* DATASET EXCERPTS *
========================
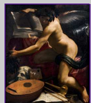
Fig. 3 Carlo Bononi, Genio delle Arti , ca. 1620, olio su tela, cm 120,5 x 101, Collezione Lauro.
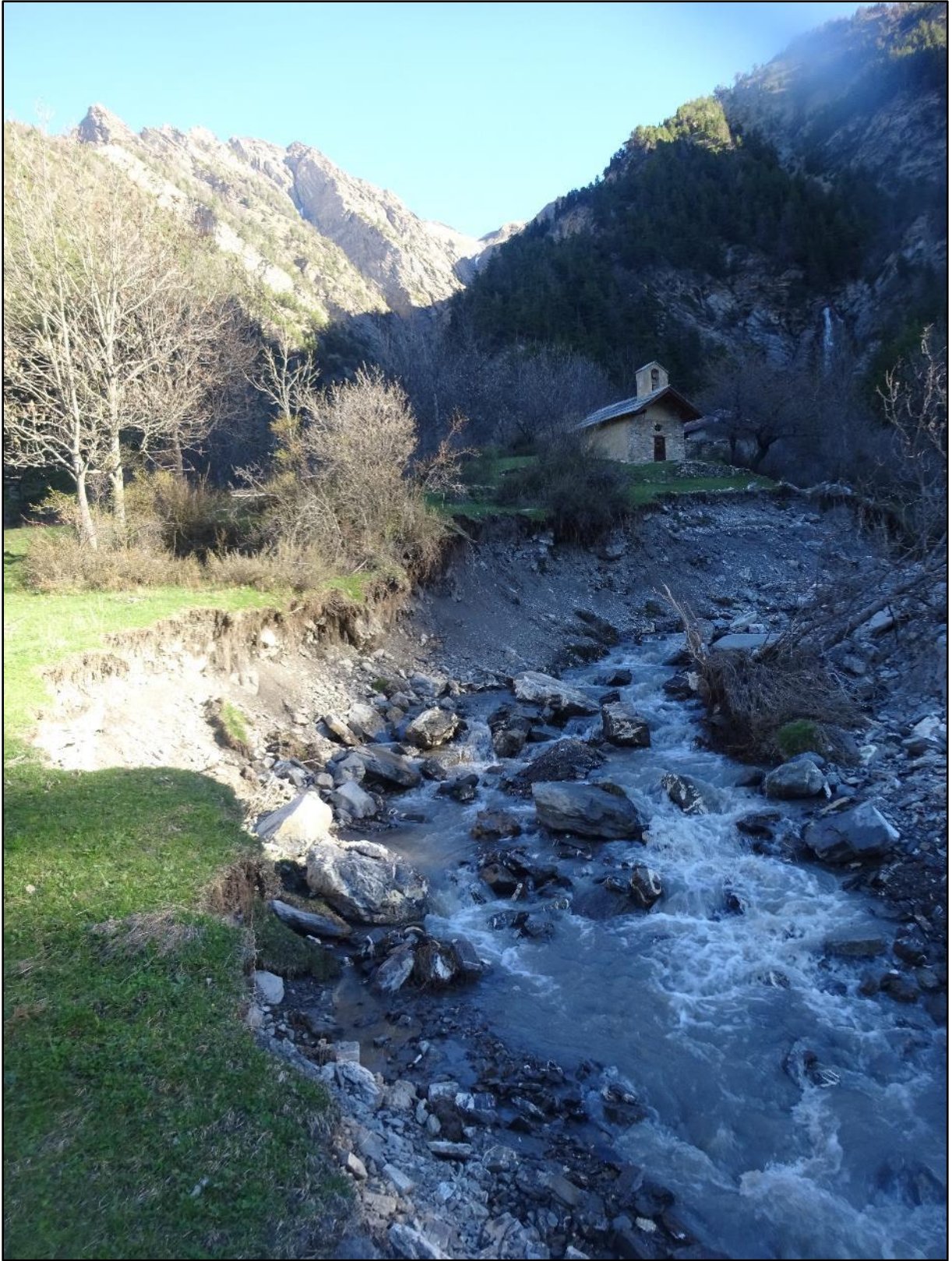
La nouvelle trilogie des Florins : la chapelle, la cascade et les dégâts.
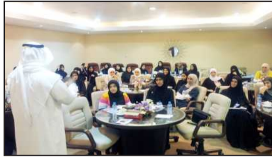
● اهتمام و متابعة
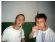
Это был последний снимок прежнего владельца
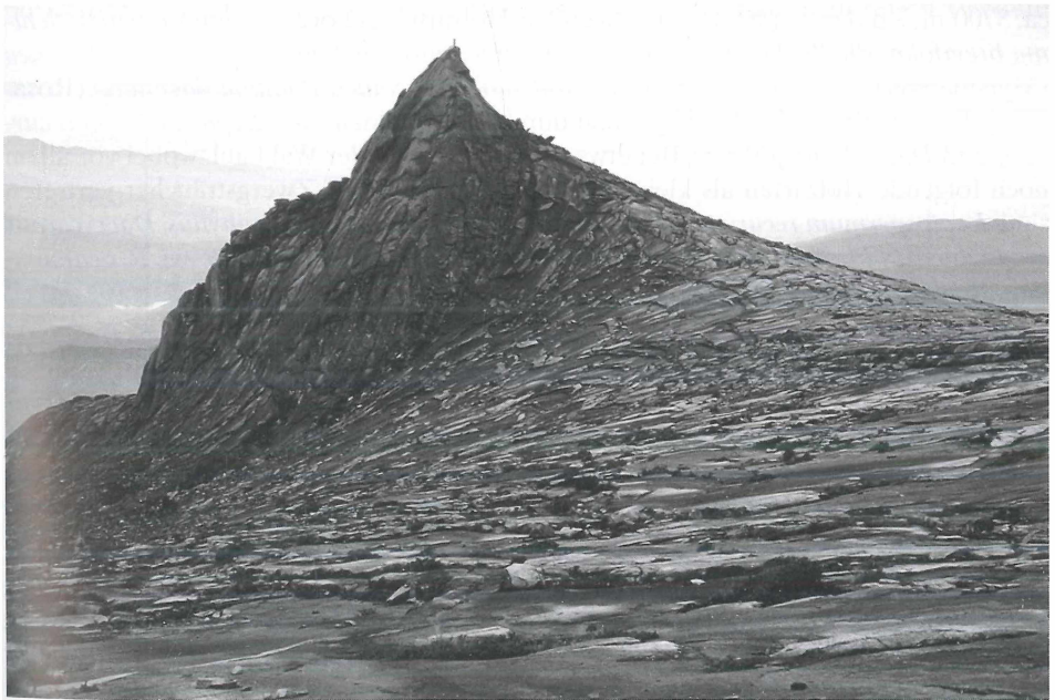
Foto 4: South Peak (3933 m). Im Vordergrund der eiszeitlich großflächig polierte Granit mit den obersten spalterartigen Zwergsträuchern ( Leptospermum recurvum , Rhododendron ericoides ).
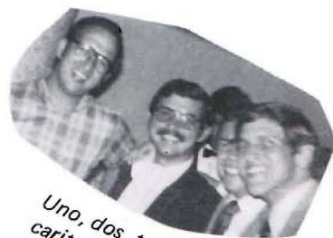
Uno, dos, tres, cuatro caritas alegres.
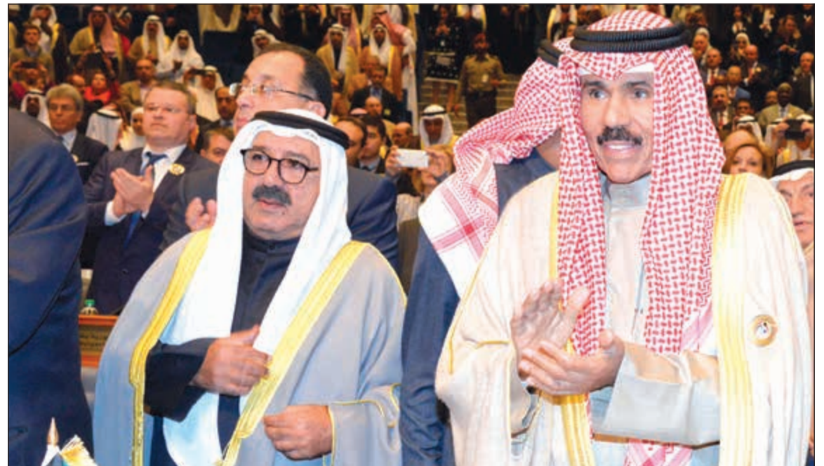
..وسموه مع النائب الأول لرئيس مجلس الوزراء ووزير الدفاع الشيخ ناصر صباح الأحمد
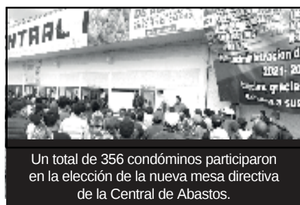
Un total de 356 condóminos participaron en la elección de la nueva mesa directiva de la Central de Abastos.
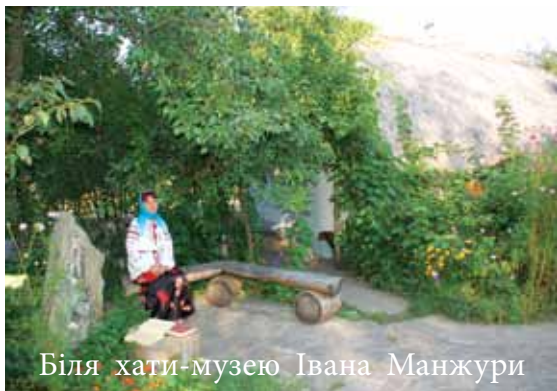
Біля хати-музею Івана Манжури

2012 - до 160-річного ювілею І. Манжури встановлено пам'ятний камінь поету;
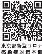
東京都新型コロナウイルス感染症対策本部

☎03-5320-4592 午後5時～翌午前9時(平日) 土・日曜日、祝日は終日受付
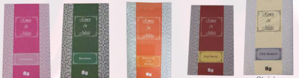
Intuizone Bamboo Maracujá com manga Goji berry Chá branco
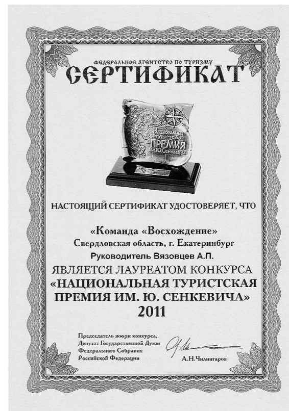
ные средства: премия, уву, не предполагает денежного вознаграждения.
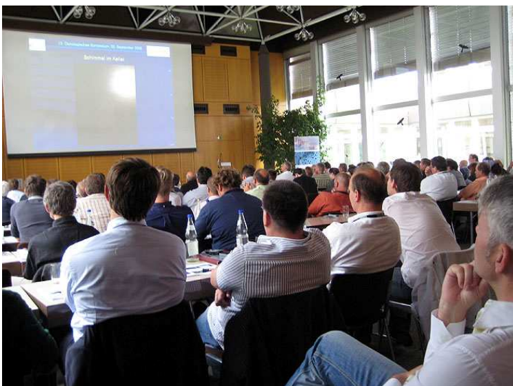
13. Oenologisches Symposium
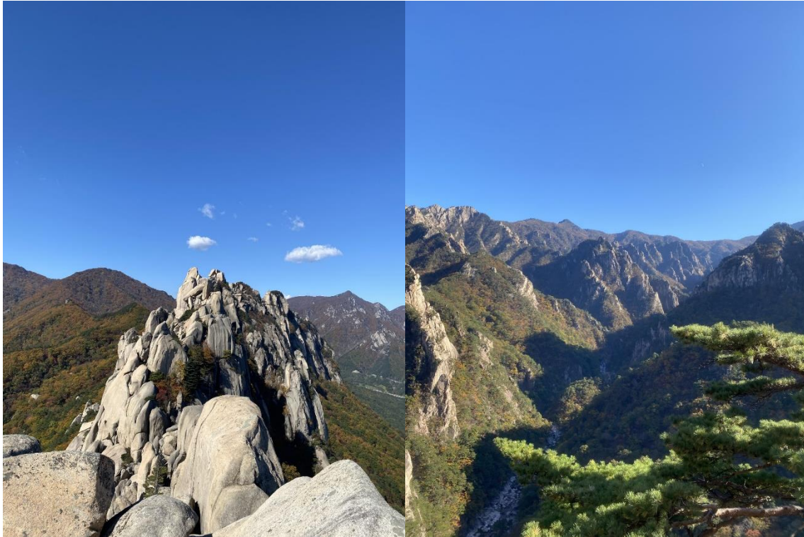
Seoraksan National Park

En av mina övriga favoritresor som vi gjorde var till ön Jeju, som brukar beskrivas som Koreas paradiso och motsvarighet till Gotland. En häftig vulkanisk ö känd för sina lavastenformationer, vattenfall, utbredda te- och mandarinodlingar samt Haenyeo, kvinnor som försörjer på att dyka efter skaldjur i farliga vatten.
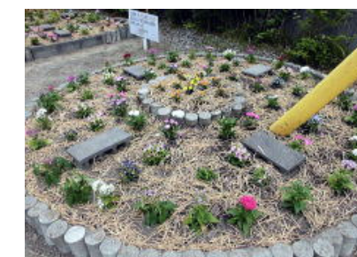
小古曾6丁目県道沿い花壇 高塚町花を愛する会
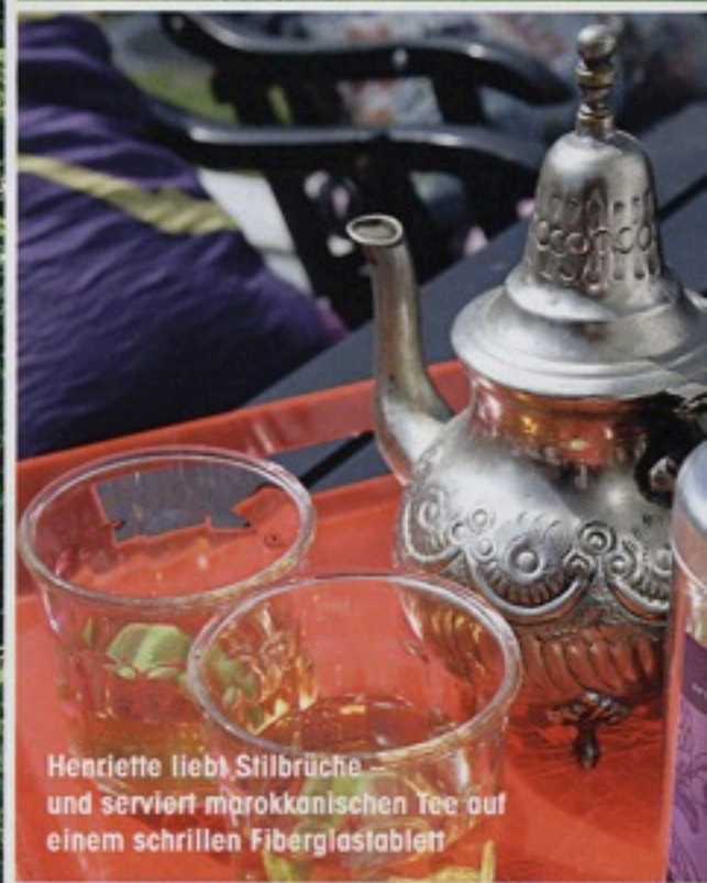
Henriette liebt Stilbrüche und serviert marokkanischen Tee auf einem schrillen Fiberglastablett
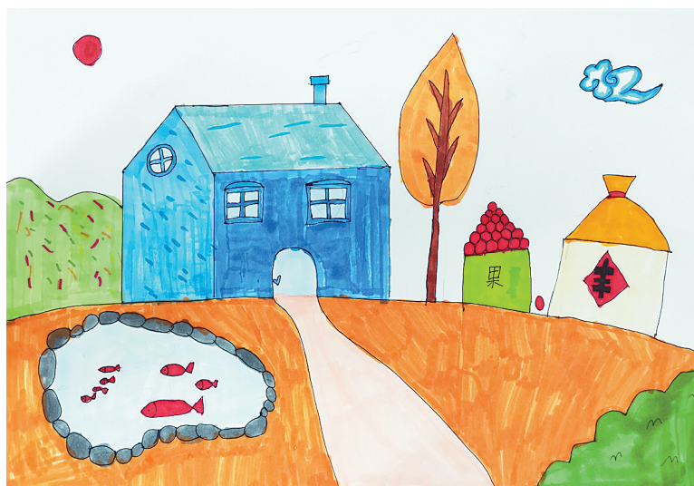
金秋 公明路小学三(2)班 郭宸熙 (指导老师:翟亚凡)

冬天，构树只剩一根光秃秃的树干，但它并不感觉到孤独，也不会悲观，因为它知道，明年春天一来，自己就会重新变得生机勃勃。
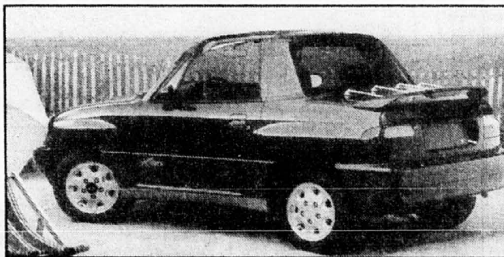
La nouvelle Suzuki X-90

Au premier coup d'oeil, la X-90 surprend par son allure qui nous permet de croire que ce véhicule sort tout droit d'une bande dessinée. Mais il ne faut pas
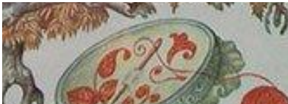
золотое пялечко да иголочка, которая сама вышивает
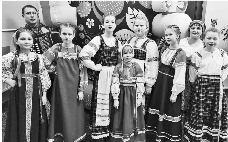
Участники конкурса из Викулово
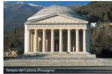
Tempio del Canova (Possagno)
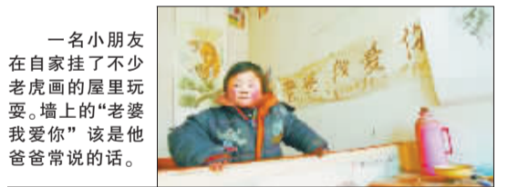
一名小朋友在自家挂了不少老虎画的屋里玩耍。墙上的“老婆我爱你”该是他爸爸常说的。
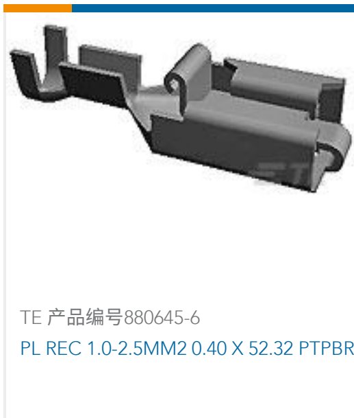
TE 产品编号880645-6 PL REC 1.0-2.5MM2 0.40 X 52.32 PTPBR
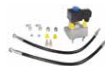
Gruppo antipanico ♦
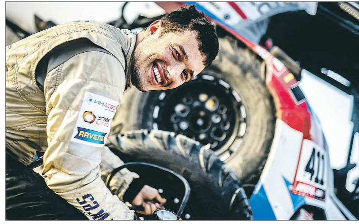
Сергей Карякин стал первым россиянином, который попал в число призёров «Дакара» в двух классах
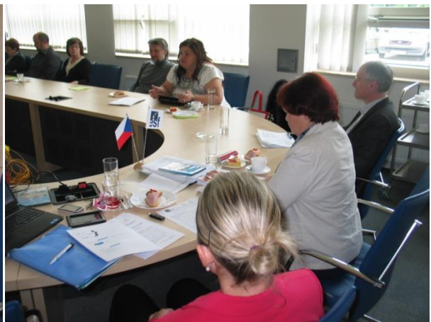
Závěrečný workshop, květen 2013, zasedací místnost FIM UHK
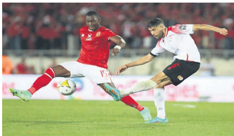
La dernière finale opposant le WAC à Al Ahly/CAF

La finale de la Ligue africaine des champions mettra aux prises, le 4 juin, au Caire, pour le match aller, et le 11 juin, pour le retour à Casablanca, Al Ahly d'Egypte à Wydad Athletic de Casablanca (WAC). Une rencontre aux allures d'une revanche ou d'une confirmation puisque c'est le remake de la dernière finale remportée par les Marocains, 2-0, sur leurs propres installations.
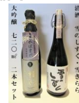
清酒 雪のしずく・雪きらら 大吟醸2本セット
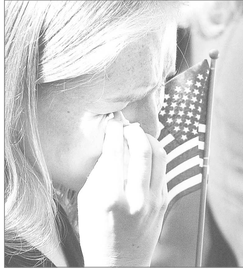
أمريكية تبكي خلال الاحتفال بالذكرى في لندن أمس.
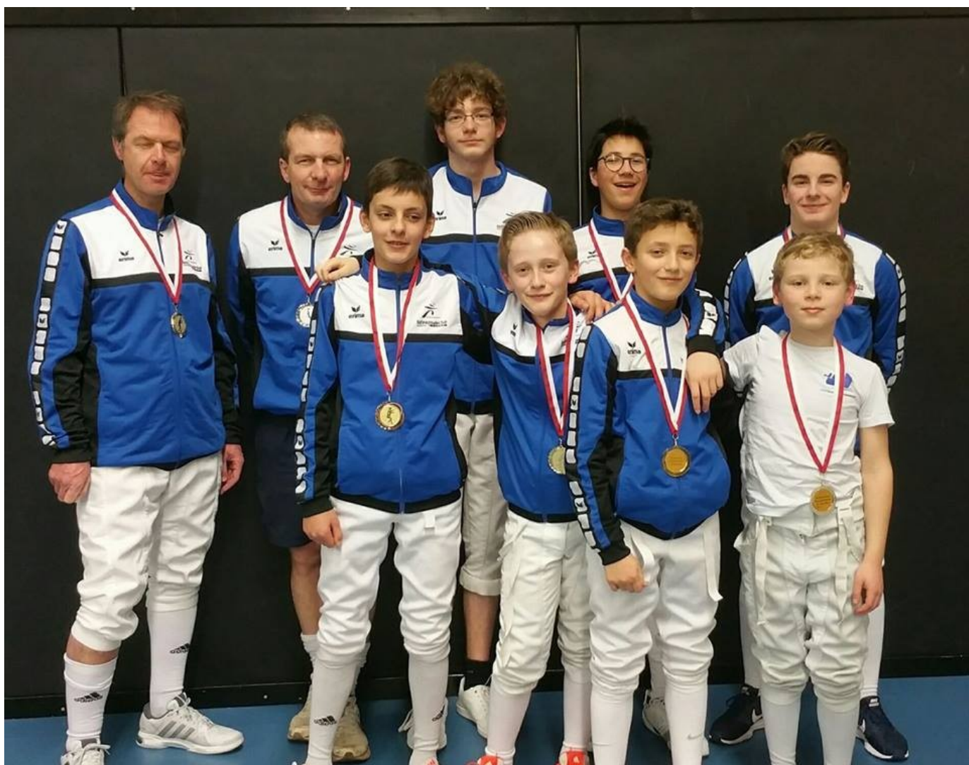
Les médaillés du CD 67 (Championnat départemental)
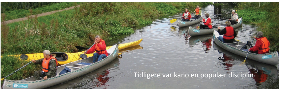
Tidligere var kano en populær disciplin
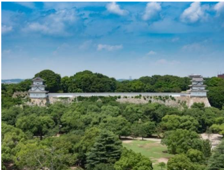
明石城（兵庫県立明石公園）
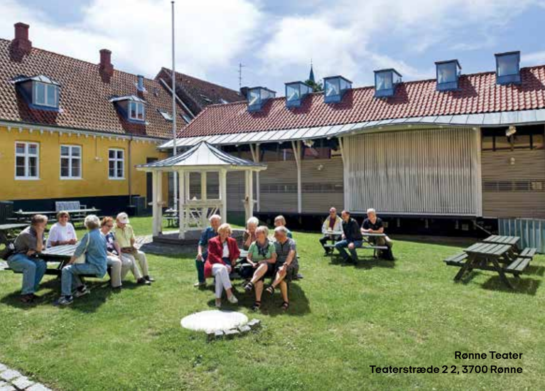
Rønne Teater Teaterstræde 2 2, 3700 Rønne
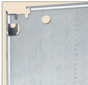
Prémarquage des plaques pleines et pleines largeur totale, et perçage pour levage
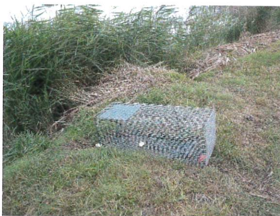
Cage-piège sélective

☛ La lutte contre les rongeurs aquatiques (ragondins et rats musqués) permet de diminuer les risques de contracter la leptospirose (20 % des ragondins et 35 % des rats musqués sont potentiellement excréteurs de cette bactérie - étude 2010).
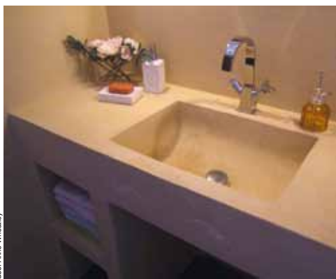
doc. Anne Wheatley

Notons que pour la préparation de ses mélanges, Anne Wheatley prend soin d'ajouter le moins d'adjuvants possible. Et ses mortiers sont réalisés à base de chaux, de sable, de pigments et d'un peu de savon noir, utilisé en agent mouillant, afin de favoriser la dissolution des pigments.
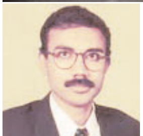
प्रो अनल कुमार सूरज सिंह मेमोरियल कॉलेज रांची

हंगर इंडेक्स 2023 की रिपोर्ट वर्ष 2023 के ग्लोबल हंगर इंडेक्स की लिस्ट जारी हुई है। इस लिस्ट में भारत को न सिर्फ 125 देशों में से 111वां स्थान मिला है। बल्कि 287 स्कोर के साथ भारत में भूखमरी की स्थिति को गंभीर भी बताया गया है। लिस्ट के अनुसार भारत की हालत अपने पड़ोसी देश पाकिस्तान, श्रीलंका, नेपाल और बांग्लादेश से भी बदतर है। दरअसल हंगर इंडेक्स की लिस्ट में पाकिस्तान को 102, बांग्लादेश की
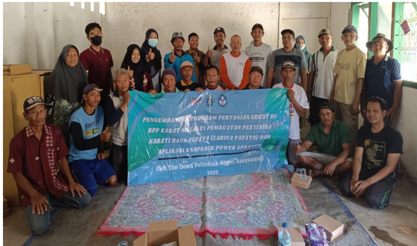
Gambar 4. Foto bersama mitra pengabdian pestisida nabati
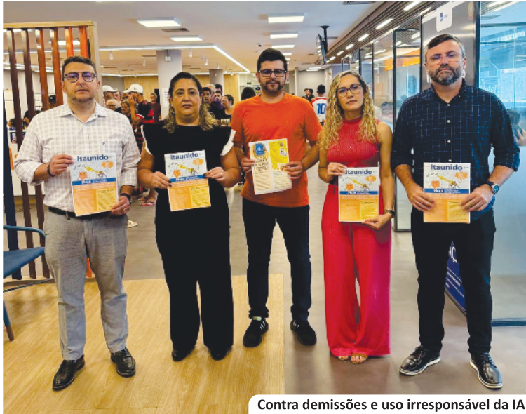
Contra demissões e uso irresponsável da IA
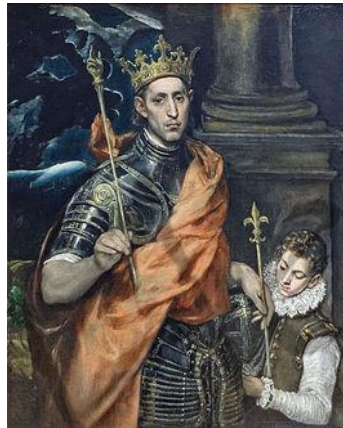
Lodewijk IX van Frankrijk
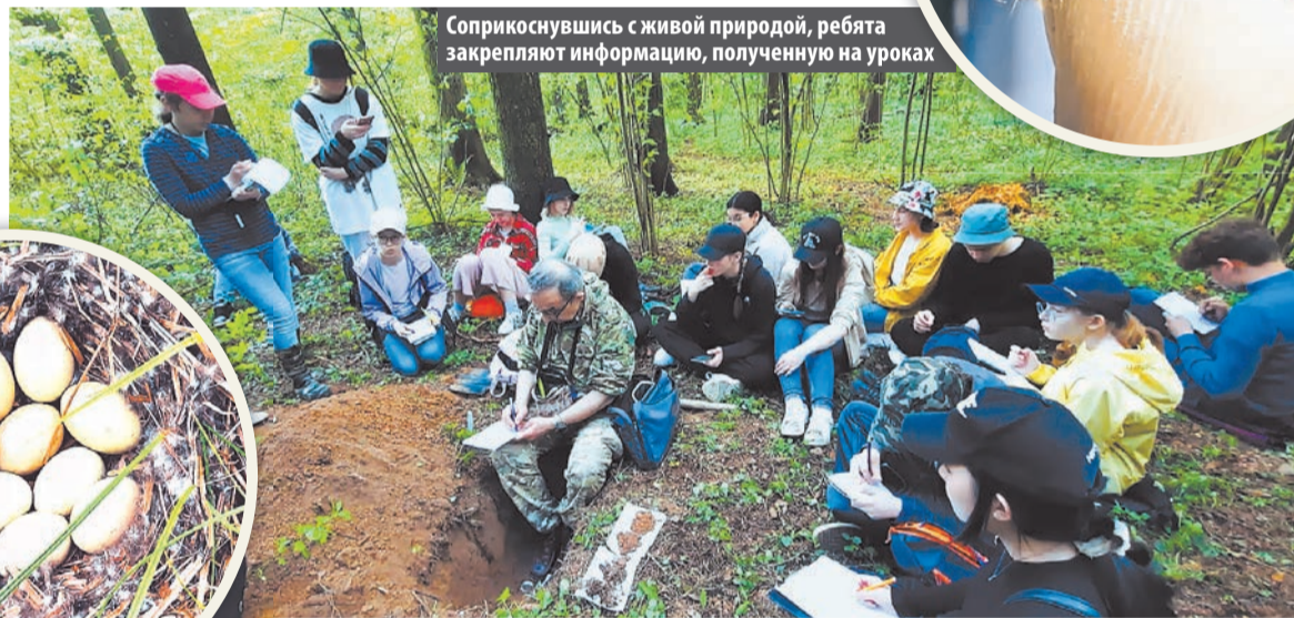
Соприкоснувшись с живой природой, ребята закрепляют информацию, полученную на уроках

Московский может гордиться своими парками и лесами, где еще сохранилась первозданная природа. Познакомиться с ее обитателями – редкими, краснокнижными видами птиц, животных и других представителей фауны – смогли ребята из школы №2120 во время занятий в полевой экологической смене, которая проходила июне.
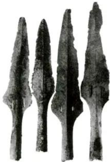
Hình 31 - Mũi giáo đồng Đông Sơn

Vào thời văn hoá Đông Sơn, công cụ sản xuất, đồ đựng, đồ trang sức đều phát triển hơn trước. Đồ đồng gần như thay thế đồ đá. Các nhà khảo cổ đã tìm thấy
========================
* TASK INSTRUCTIONS *
Using the material above, return each line in which the word "Foto" occurs.

* RESULT OF THIS TASK *
Foto 4: South Peak (3933 m). Im Vordergrund der eiszeitlich großflächig polierte Granit mit den obersten spalterartigen Zwergsträuchern ( Leptospermum recurvum , Rhododendron ericoides ).
Gambar 4. Foto bersama mitra pengabdian pestisida nabati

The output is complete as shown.